Personal Financial Planning Strategy for Young Working Indians # 9: Review Your Financial Plans Regularly

It is not just imperative to define and implement a great financial plan when you decide to do so, but equally imperative to keep the plan best suited to meet any change in financial obligations and needs on its way too. The best financial planners in India incorporate this step to make the financial planning process more effective and robust over its term. For example, at the time of creating the 1st personal financial planning report, if you were unmarried and later you did get married and had a child, the goals will get enhanced to include those for the future needs of the child too. Similarly, your aspirations can undergo huge advances as and when you move up the corporate ladder or maybe you have shifted to a more creative self-employed mode and may need to prune down your aspirations a tad for your convenience. Life is uncertain and financial insecurities can happen during economic downturns and recessions. The Pandemic has been a rude awakening for many in developing nations. So, you may want to be flexible as far as balancing your allocations is concerned. The March 2020 crash across global markets gave excellent opportunities for all to invest heavily into the markets. Black swan events such as these occur once a decade. The gains are immense to be made. The market philosophy is to buy fear and sell greed. Markets have given a V-shaped recovery from the March 2020 lows and have surpassed all-time highs. The bubble is growing by the day and investors are not complaining. Young investors have mushroomed all over the world and money seems to have been made the easy way, giving an impression that stock markets are the havens to park money and you could never make a loss. A 20% healthy correction in Indian markets is long due and when that happens new investors would have graduated to a saner level of understanding about market dynamics in the long run. Periodic review of existing financial preparedness offers robustness to the plan and makes it fool-proof against changing financial dynamics. 

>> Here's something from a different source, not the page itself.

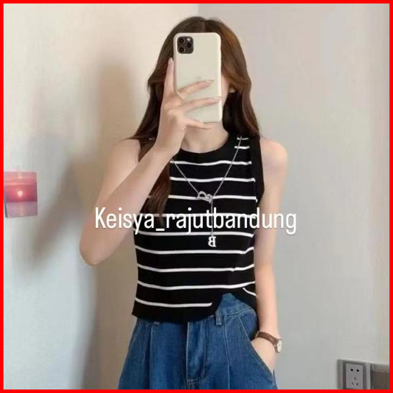 Keisyatanktop Rajut Inner Top Wanita Korean Crop Top Salur Warna Solid
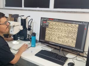 O equipamento é um Estereomicroscópio Leica modelo M205C. Tecnologia Leica Fusion Optics com resolução máxima de 1050 Lp/mm e maior profundidade de foco e com equipamentos de vídeo/fotografia e computador dedicado e software específico para controle do equipamento e tratamento de imagens.

Personal Financial Planning Strategy for Young Working Indians # 10: Engage a professional Personal Financial Planning Firm to write the best financial report possible to address all your financial goals.

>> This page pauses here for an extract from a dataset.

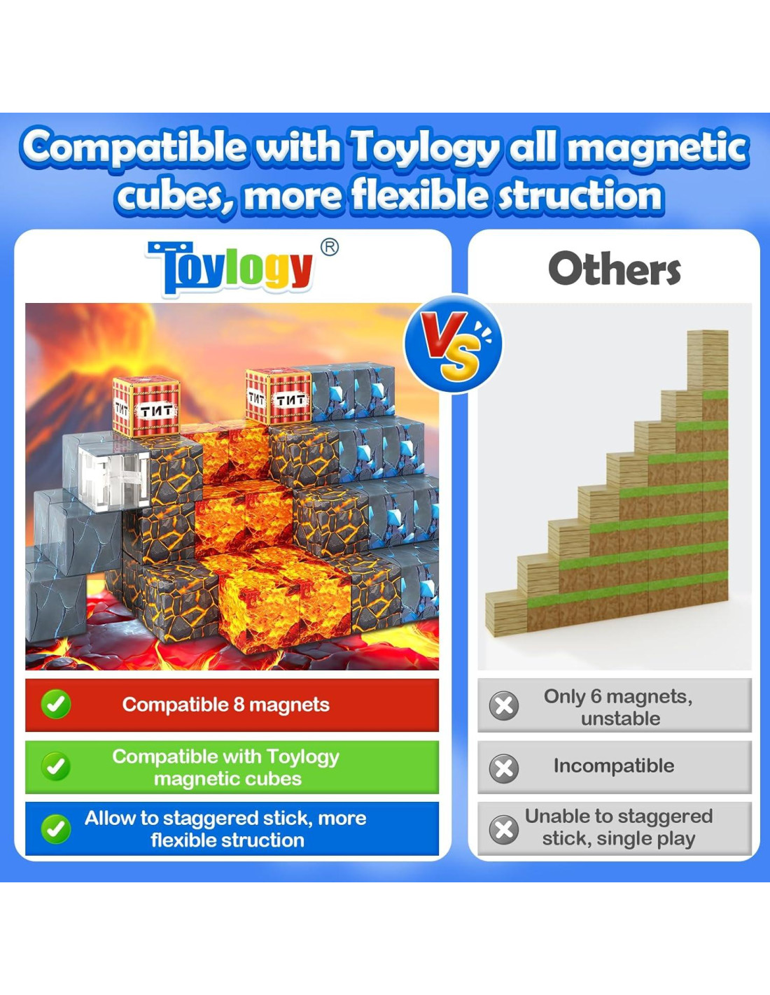 - [JUGUETES DE CONSTRUCCIÓN CON PATRONES ÚNICOS] Los bloques magnéticos Toylogy desbloquean infinitas posibilidades para la imaginación. Incluyendo 168 bloques magnéticos en 24 patrones únicos, son suficientes para construir diferentes escenas de mina, los niños nunca tendrán que preocuparse por la cantidad limitada al construir. Nuestros Bloques de Construcción incluyen un folleto de ideas para inspirar la exploración en su magworld. ¡Disfruta de juegos al aire libre con amigos para promover el pensamiento diverso en la construcción! ¡Deja que la imaginación de los niños vuele con nuestro juego magnético abierto!

Last but not the least, do not fret over all the above strategies yourself. There are specialised personal financial planning firms that write professional reports for meeting all financial goals for their clients and recommend a choice of products and instruments to help build the corpus to meet all financial goals for your family needs. And for a small fee too. Opt for financial planners or advisors that charge a fixed fee for writing comprehensive personal financial plans over those who are authorised agents and recommend products that pay them commissions as payouts from your money.  

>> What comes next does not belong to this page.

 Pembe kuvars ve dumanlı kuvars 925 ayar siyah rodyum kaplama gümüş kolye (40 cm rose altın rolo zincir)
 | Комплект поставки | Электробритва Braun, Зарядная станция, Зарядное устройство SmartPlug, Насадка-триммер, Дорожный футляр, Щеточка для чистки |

One of the best Personal Financial planners in India using the benefit of technology to analyse and deliver the best possible financial planning strategies for young Indians is Fintenet. Founded by a Europe educated financial planning professional, Mr Santosh Prabhakaran, with over 20 years of experience in analysing and writing recommendations to meet various client objectives and using one of the most effective financial planning processes; Fintenet is fast becoming the preferred single-point service provider for young Indians aspiring financial serenity. Mr Santosh is active on his personal Twitter handle and can be reached at info@fintenet.com.

Conclusion

To summarise, these top 10 personal financial planning strategies for young working Indians below age 35 have the potential to establish winning habits for present and future investing and behavioural science aspects that will surely go a long way in securing financial goals whenever they arrive. These are the most effective personal financial planning process steps that can be followed by even laymen having little knowledge of the financial planning process. However, engaging professionals in preparing your complete financial plan report is the best investment you can make for securing your financial serenity.